After metropolitan councillor Dimitri De Vita’s welcome speech, Claudia Fassero – head of EU & International Project Unit inside of Metropolitan City of Turin – presented an overview of the ecoRIS3 project and the results reached at the end of the first phase.

The discussion was focused on the cluster system, from its birth to its advantages, to the challenges it faces and to the limits of this system in our cases - the Irish case and the Piedmont “innovation poles”.

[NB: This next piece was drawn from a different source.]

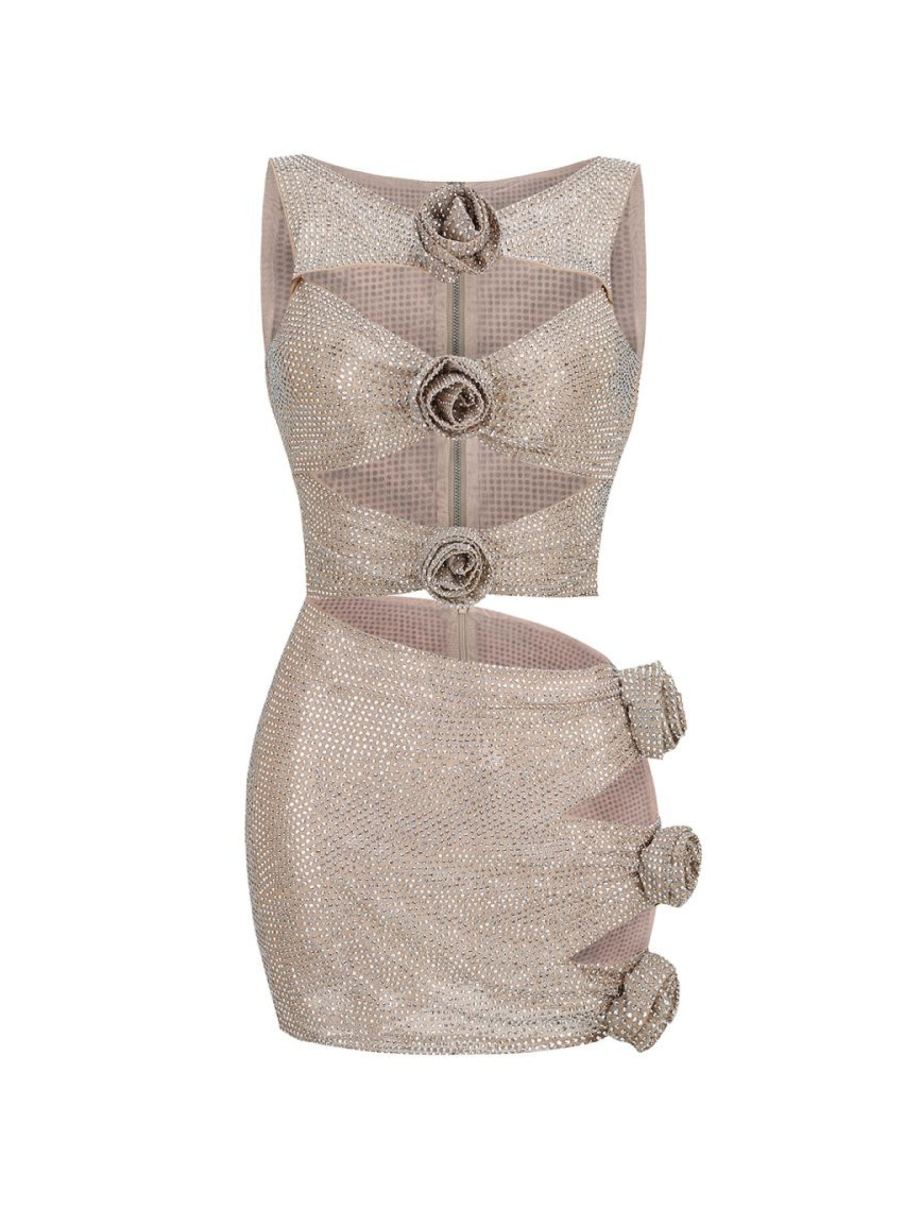 The Vanesa Embroidery Skirt Set in Hot Pink is a two piece outfit that is both sexy and stylish. The sleeveless top features a unique hollow cut design and crystal embroidery. while the elastic waist mini skirt provides both comfort and a flattering fit. Perfect for any occasion. this set is part of the Izosu Evening Dresses Collection.

To open the discussion, a socio-economic framework of Piedmont region was provided by both Ing. Zezza and Dr. Nepote. It has been shown how the economic strength of the region is mainly composed by SMEs (precisely 98.85%), of which the majority are micro (less than 10 employees), and how Piedmont has a long-lasting industrial tradition in which emerging trends are combined with the traditional sectors, such as automotive, aerospace, mechatronics, green chemistry, textiles, food processing, clean tech, ICT, life sciences, etc.

The presence of 4 universities (with 3 incubators for start-ups), over 200 research centers and 380 laboratories certainly provides an added value to the territory that boasts 7 innovation poles throughout the territory (> 1500 companies involved). In this framework, the Piedmont Region reaches the third place in terms of Italian productive performance, behind Lazio and Lombardy. Nevertheless, there are still some negative factors, paradoxes and challenges that Piedmont will have to face in order to be a competitive in the future.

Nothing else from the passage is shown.